General information
- Type: hotel
- Location: Place De L'Indépendance, Lomé, Togo
- Coordinates: 6°07′40″N 1°12′51″E﻿ / ﻿6.127645°N 1.214083°E
- Completed: 1980
- Renovated: 2016

Height
- Height: 102 m (335 ft)

Technical details
- Floor count: 36

= Hotel 2 Fevrier Lomé =

The Hôtel 2 Février is a 102m, 36-story hotel in Lomé, Togo on Place De L'Indépendance street, opened in 1980. It is the tallest building in Togo. Because it is the only high-rise in Lomé (and in Togo), it is visible from just about anywhere in the city.

The hotel was constructed at a cost of 35 billion West African CFA francs and opened in June 1980 by Togolese President Gnassingbé Eyadéma. It was named for the date, February 2, 1974, on which he nationalized the country's phosphate mines, following his survival of the 1974 Togo presidential C-47 crash. The hotel was originally managed by Sofitel as Hotel Sofitel du 2 Février

The hotel closed in 2000 and in February of that year, the government of Togo was loaned $20 million to renovate the property by the Libyan African Investment Company (LAICO). On May 8, 2002, Malta-based Corinthia Hotels International was signed to manage the property after its intended renovation. The shuttered hotel was sold outright to LAICO in 2006, in exchange for forgiveness of the loan and a promise to renovate the hotel. When LAICO had not carried out the renovations after 8 years, the hotel was nationalized by the Togolese government on November 10, 2014 and renovations were begun.

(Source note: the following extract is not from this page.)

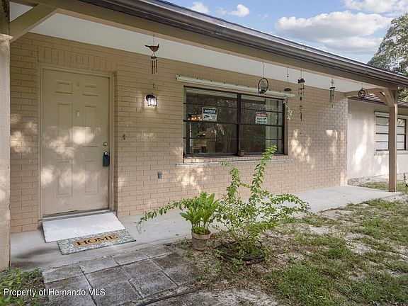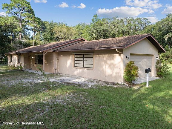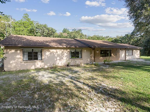 ACTIVE - UNDER CONTRACT. Taking Back up offers. HIGH AND DRY!! NOT EFFECTED BY THE HURRICANES!! Discover your PRIVATE OASIS on this 2.5-ACRES, fully FENCED property, right in the heart of Spring Hill. From the moment you arrive on the long driveway you know you are on your way to a tranquil escape. Land is large enough to expand, it's the perfect place to grow with your family while still enjoying the lush trees and privacy of your natural surroundings. This property offers it all! This 3-bedroom, 2.5-bathroom home is a generous 1,800 sq. feet with large rooms perfect for comfortable living. The cozy wood-burning FIREPLACE adds a warm touch, while THREE SLIDING GLASS DOORS let in abundant natural light—two of which lead to a ROOF-COVERED PATIO and a SCREENED ENCLOSED 10x30 INGROUND POOL, offering an ideal setting for family fun and entertainment. Enjoy the refreshing OUTDOOR SHOWER, perfect for rinsing off after a day at the beach or taking a peaceful moment to connect with NAURE. The VAST SIZE KITCHEN includes refridgerator, dishwasher, range and hood, and EXTRA FREEZER in the 10 x 6 WALK-IN PANTRY.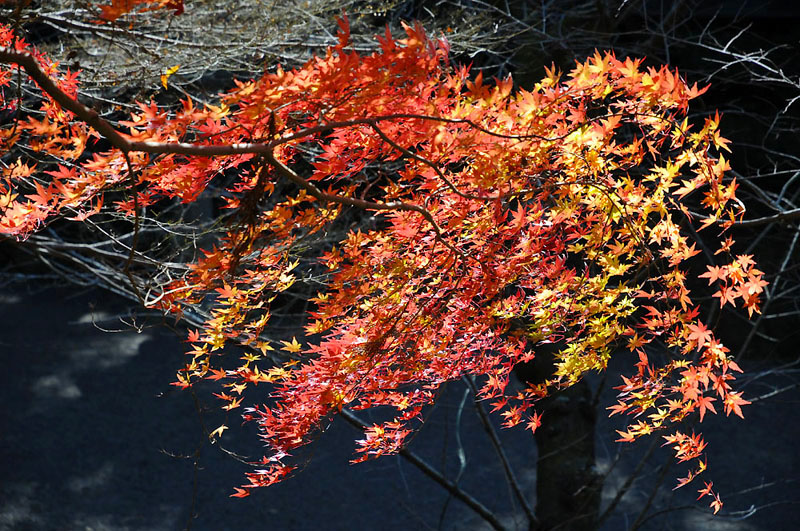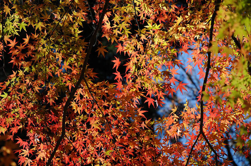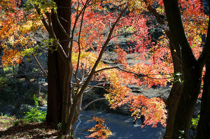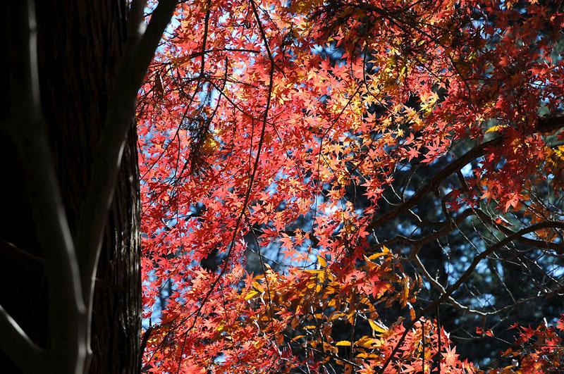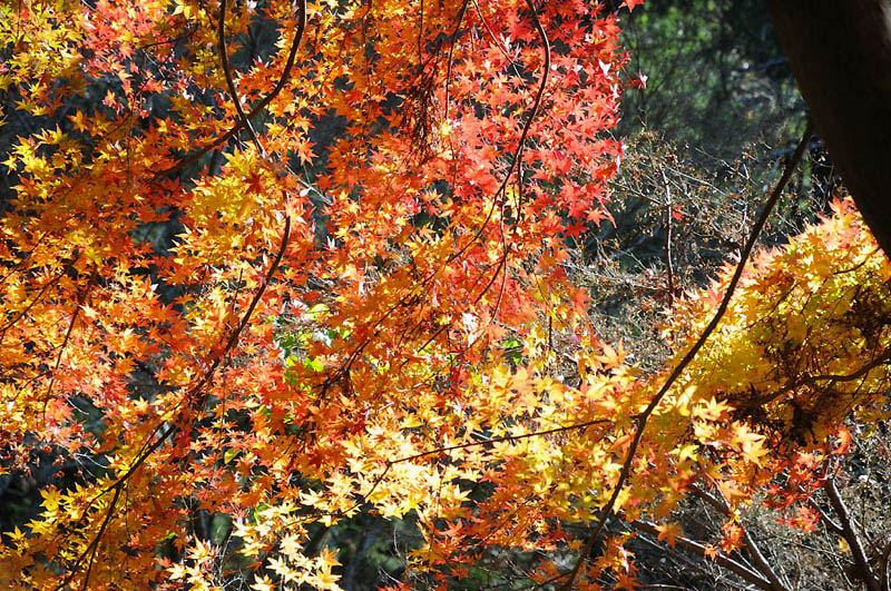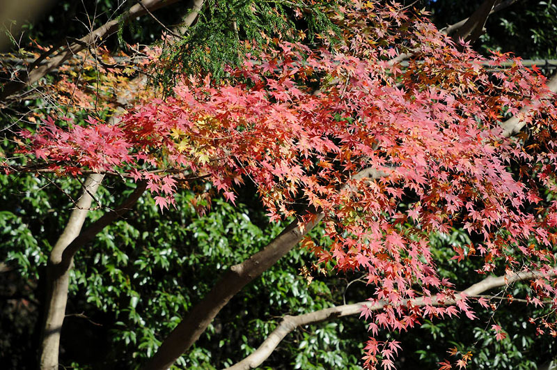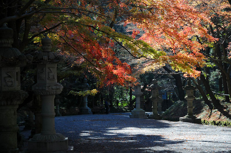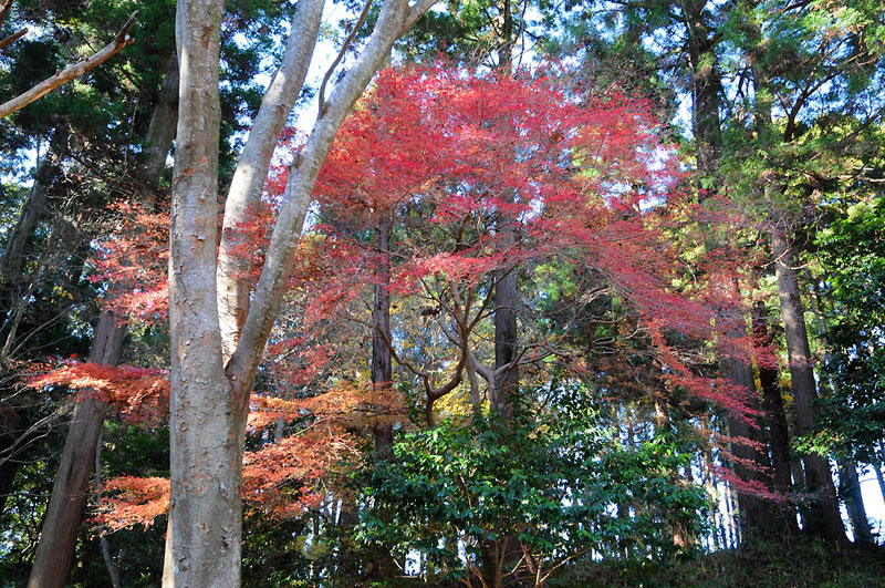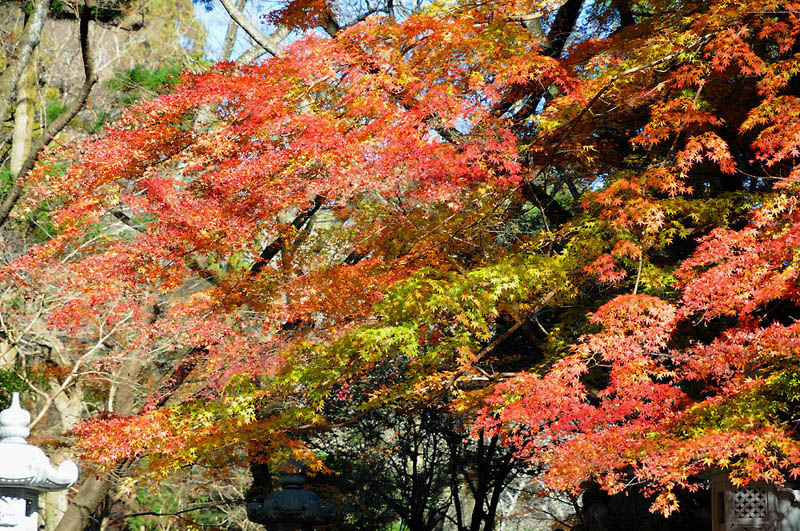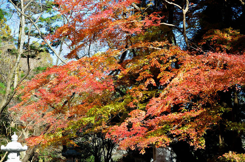 もみじ(楓類)が主体ですが、殆ど散った後でも未だ青葉の樹木も見受けられました。近年境内全域で綺麗に紅葉 することは少なくなったように感じます。

While the hotel was being renovated, the Carlson Rezidor group assumed management on February 26, 2015. The hotel reopened in April 2016 as the Radisson Blu Hotel du 2 Février. Radisson ceased managing the hotel in August 2017 and it became the Hotel 2 Février. On June 27, 2018, it was announced that the hotel would be managed by Emaar Hospitality, a division of UAE-based Emaar Properties. The hotel was to be operated under their Address Hotels brand as Address Hotel 2 Février Lomé Togo. This never occurred, and as of 2026 the hotel remains independently operated.